▶ _PROBLEM_: From the data that follows, set down exactly the lines from the one with "A solução adotada" through the one with "The North Cig", counting both. Pictures stay out.

▶ _EXTRACTED ENTRIES_:
◆ ◆ ◆
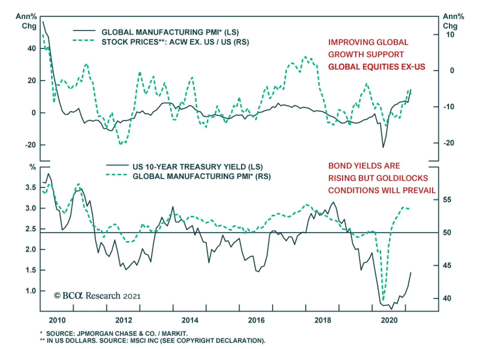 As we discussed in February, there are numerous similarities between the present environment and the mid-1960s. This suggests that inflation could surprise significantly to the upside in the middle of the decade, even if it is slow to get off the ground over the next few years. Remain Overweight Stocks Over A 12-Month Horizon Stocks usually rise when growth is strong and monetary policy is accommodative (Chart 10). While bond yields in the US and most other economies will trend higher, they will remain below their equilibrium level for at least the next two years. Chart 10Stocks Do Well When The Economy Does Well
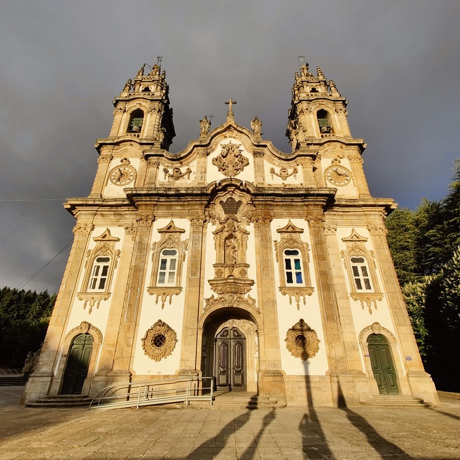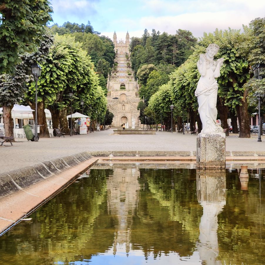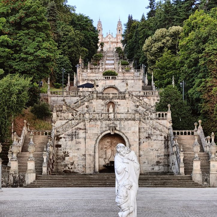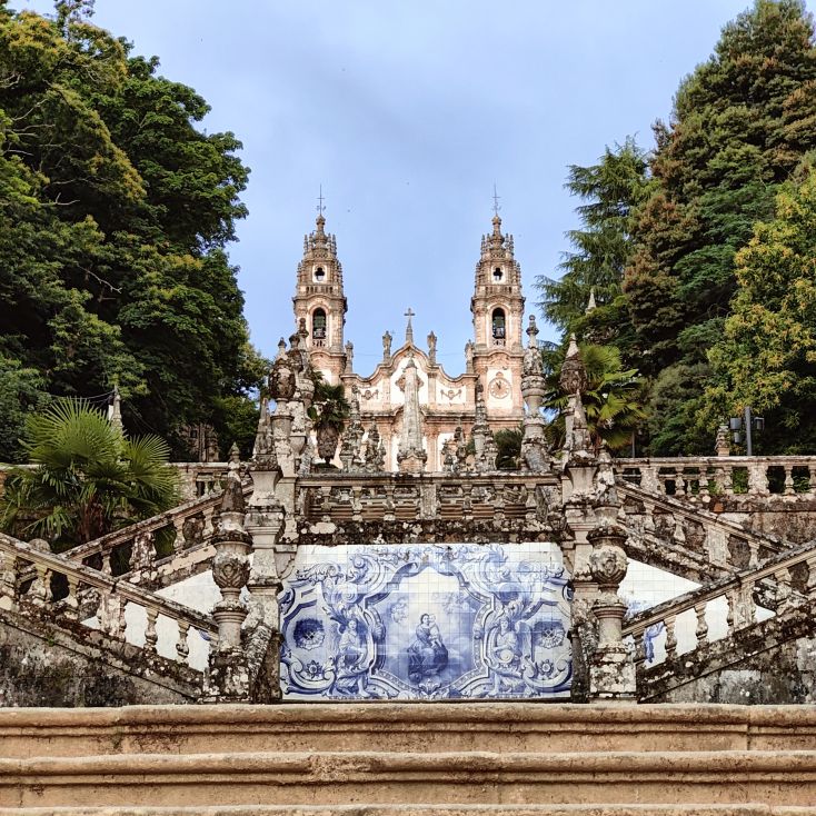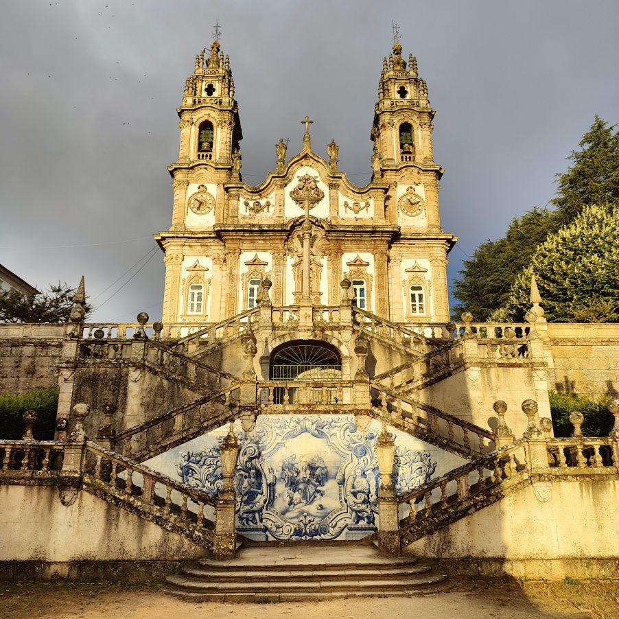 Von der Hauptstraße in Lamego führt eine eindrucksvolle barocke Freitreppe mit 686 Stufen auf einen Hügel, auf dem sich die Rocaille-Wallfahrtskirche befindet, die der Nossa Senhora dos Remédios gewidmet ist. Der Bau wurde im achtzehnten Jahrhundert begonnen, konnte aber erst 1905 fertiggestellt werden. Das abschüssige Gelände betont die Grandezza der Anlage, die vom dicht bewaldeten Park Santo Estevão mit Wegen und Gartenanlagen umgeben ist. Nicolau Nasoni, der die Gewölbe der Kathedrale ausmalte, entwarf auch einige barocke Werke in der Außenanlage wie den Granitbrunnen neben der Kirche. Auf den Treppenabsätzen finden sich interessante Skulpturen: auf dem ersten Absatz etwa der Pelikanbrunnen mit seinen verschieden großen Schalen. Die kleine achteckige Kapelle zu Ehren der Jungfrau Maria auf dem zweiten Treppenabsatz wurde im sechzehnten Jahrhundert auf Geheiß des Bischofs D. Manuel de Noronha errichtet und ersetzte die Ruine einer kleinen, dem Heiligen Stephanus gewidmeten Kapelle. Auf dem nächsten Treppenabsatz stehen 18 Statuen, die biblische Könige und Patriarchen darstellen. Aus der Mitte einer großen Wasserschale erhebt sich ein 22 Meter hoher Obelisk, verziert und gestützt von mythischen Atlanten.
◆ ◆ ◆
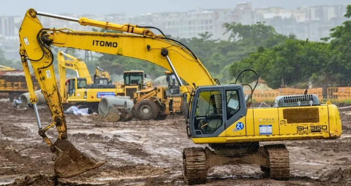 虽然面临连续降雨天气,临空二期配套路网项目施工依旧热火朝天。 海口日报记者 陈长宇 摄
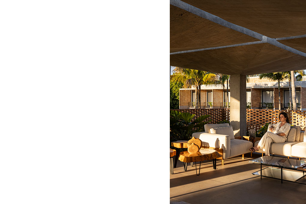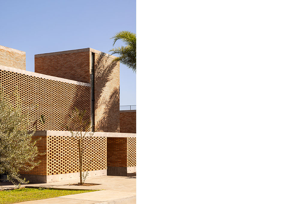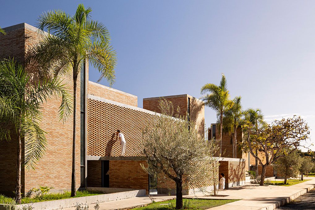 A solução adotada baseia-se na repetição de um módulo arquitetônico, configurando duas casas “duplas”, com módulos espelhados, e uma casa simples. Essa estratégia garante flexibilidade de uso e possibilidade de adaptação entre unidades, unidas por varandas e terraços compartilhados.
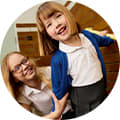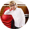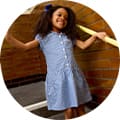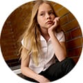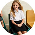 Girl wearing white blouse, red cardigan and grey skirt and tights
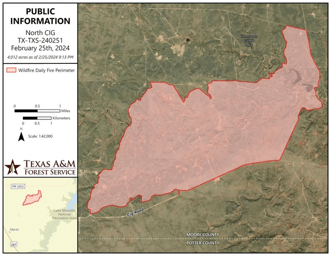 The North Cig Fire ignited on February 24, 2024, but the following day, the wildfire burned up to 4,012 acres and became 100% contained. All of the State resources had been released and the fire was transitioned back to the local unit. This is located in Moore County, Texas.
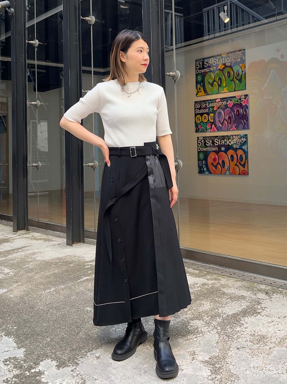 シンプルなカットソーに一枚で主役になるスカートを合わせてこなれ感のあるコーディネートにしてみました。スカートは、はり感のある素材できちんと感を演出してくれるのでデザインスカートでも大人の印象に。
◆ ◆ ◆
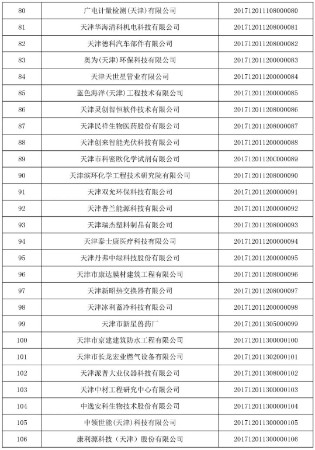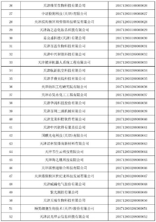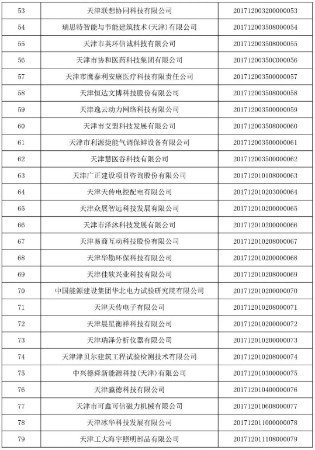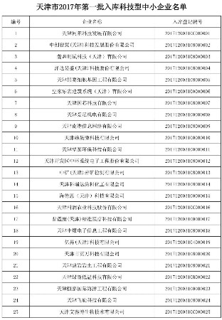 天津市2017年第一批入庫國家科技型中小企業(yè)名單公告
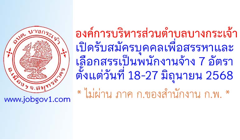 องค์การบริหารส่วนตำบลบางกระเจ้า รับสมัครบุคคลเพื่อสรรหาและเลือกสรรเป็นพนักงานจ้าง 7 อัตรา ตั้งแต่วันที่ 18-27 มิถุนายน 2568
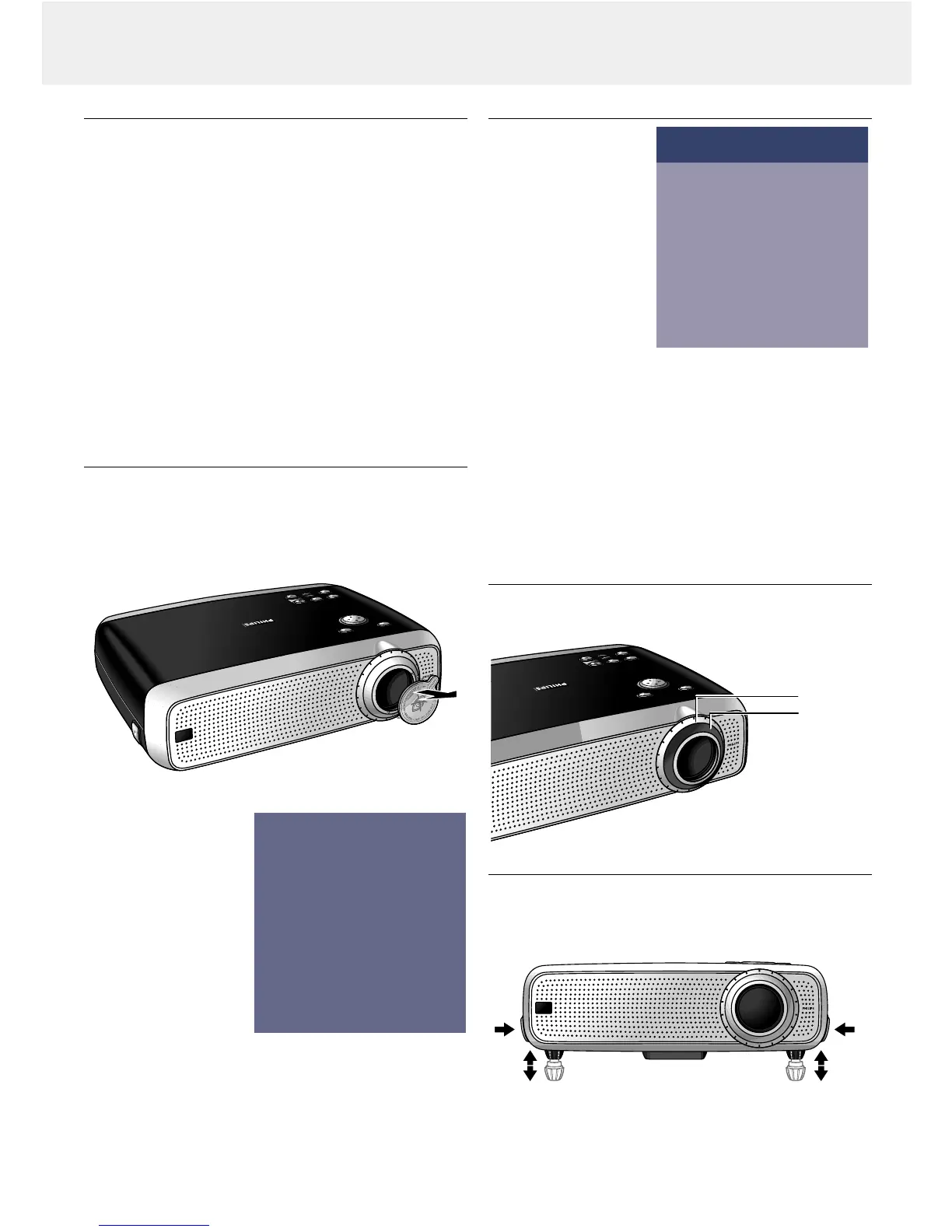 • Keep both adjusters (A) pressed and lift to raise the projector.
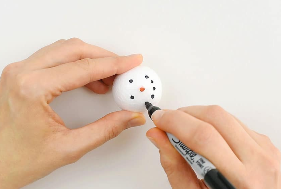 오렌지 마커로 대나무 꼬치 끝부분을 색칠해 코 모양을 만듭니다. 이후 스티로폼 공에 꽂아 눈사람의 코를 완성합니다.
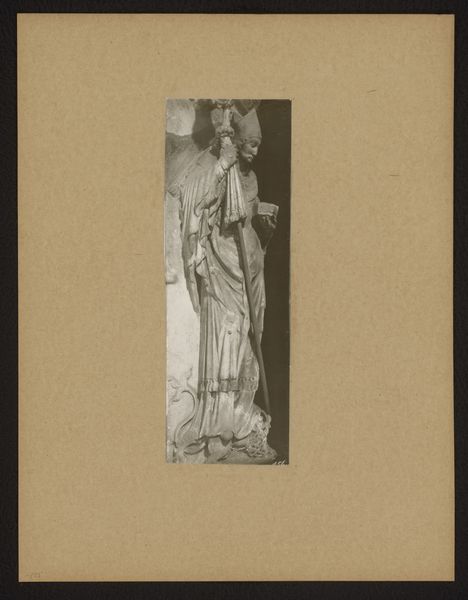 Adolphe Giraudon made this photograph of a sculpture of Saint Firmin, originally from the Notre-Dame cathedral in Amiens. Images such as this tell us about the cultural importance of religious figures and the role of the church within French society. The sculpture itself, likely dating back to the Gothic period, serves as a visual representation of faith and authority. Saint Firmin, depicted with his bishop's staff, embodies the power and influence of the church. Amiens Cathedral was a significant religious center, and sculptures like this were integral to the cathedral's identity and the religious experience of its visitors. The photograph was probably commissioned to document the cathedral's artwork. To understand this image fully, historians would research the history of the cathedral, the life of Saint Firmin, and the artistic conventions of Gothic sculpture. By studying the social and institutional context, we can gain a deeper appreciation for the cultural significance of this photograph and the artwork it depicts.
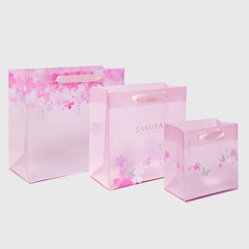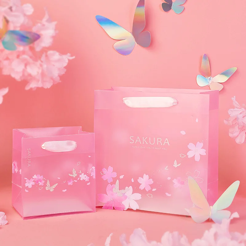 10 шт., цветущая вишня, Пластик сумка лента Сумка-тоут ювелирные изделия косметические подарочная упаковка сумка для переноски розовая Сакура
◆ ◆ ◆
▶ _WRITTEN RESPONSE_:
 A solução adotada baseia-se na repetição de um módulo arquitetônico, configurando duas casas “duplas”, com módulos espelhados, e uma casa simples. Essa estratégia garante flexibilidade de uso e possibilidade de adaptação entre unidades, unidas por varandas e terraços compartilhados.
 Girl wearing white blouse, red cardigan and grey skirt and tights
 The North Cig Fire ignited on February 24, 2024, but the following day, the wildfire burned up to 4,012 acres and became 100% contained. All of the State resources had been released and the fire was transitioned back to the local unit. This is located in Moore County, Texas.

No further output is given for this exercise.